## Data segment:
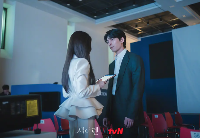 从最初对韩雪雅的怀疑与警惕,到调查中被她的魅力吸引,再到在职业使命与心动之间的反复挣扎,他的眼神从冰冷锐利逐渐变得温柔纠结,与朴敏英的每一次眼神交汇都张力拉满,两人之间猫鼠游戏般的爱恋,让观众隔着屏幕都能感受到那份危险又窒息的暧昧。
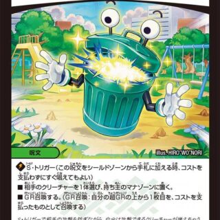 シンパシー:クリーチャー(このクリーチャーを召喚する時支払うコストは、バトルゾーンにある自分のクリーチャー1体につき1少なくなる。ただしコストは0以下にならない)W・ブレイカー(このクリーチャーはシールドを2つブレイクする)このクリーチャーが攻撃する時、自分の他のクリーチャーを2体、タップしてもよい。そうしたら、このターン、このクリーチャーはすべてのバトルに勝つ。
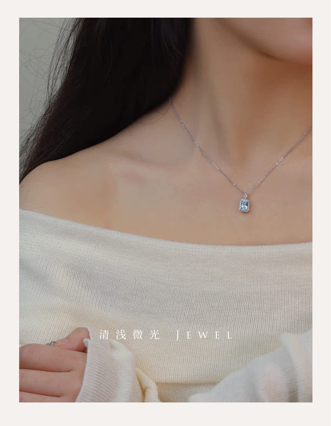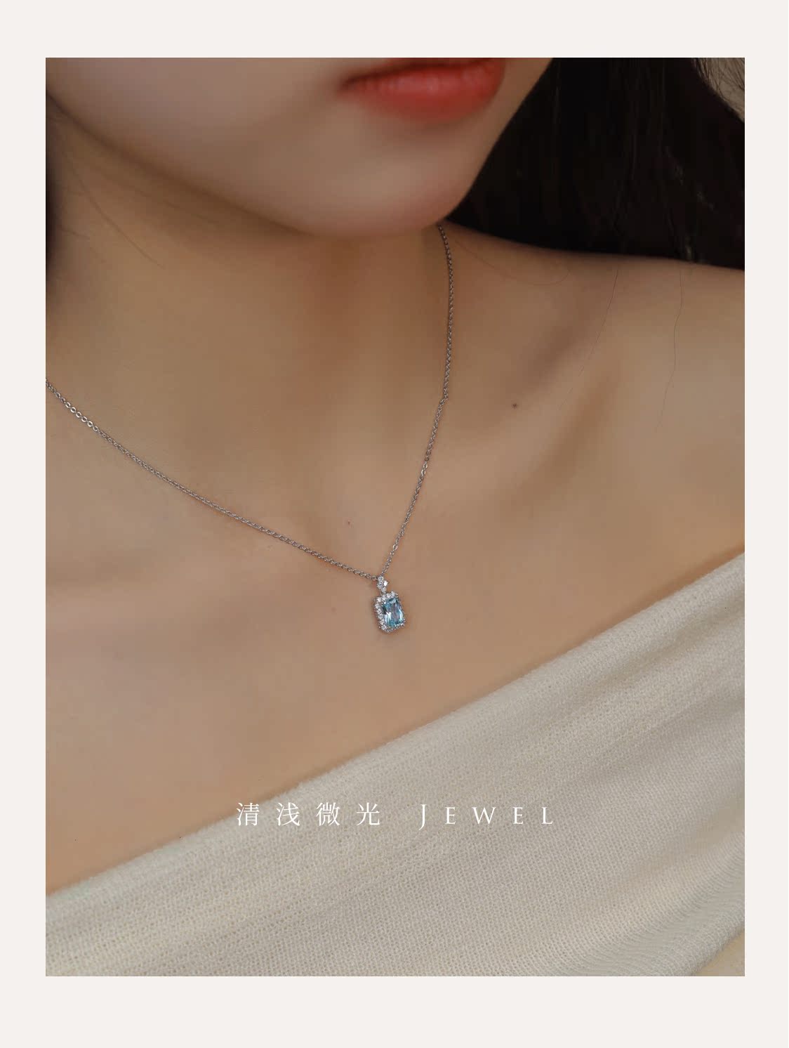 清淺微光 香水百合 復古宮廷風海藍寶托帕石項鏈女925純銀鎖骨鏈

## Requirement:
Transcribe the data completely. No pictures should appear in the transcription.

## Result of this exercise:
 从最初对韩雪雅的怀疑与警惕,到调查中被她的魅力吸引,再到在职业使命与心动之间的反复挣扎,他的眼神从冰冷锐利逐渐变得温柔纠结,与朴敏英的每一次眼神交汇都张力拉满,两人之间猫鼠游戏般的爱恋,让观众隔着屏幕都能感受到那份危险又窒息的暧昧。
 シンパシー:クリーチャー(このクリーチャーを召喚する時支払うコストは、バトルゾーンにある自分のクリーチャー1体につき1少なくなる。ただしコストは0以下にならない)W・ブレイカー(このクリーチャーはシールドを2つブレイクする)このクリーチャーが攻撃する時、自分の他のクリーチャーを2体、タップしてもよい。そうしたら、このターン、このクリーチャーはすべてのバトルに勝つ。
 清淺微光 香水百合 復古宮廷風海藍寶托帕石項鏈女925純銀鎖骨鏈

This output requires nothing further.